Thursday, March 29, 2018
Maple Magic Delivered to your Doorstep...
... of your classroom or club house or neighborhood community center. Our newly developed maple sugaring program is offered free to the public. Your library and archives are far more than a collection of papers. Your library uses its collection and collaborates with other organizations to reach out into the community.
This inside part of the program can also be tied to a field trip to one of the area sugar operations, such as this one we recently coordinated with a local elementary school and the Believe in Books 100 acre wood sugar house.
This outreach program is based on a number of books and archival resources at the Conway Public Library and augmented with objects from the Conway Historical Society.
Jeremy Belknap gives a great description of early American settler style maple sugaring in his History of New Hampshire published in 1812.
North Conway once had an "Old Maple Sugar House" tourist attraction. If you look closely at the picture you can see a variety of buckets and bags hung on maple tree trunks indicating they were for educational and demonstration reasons, not for actual tapping.
Today that building has been enlarged and now operates as Cresh's Italian Country Kitchen restaurant. While the view of the Conway ledges has been obscured the distinctive clerestory style steam chimney can still be seen.
The scope of Conway Public Library’s Henney History Room includes western Oxford County Maine, including Fryeburg, where the famous artist Eastman Johnson created an incredible set of paintings documenting local “sugaring off” practices.
Our area's settlers learned maple sugaring techniques from the Native Americans.

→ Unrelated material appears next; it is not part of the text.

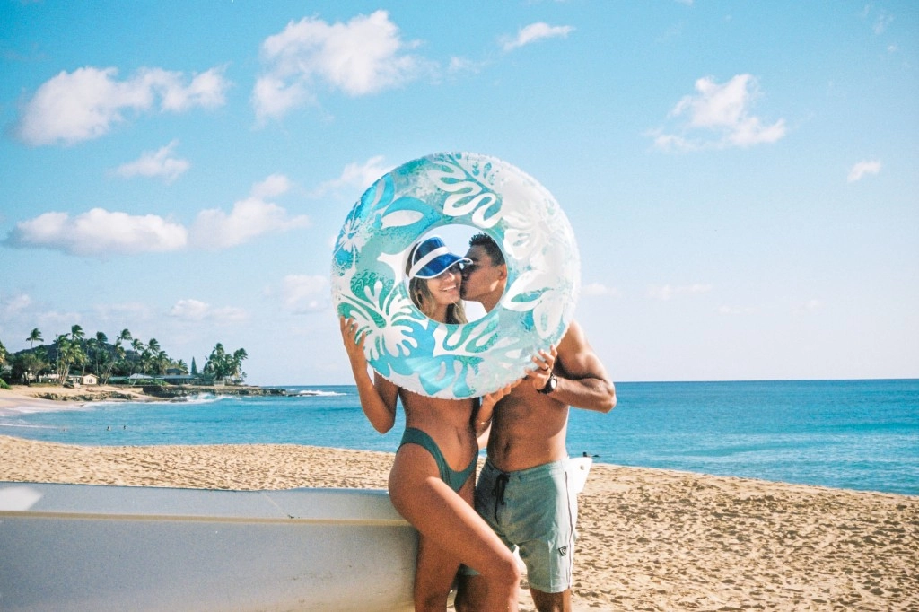 Яркият хавайски цветен принт придава цвят на вашето лято и е идеален както за басейна, така и за плажа.

We celebrate the connection between Conway's Abenaki camp with the Odanak village in Quebec, Canada where there is a wonderful museum of Abenaki history and life.
Arranged by the seasons, the displays detail the many unique methods used to process maple sugar.
Our program provides "hands-on" exploration of historic tools used to help go into the woods to identify maple trees...
... cut into and tap the trees...
... explore change over time, from stone axes, to screw tip augers ...
... to more efficient brace and bits...
... compare the pros and cons of wooden buckets,
metal buckets ...
... and plastic buckets
... even a human yoke to help with carrying buckets.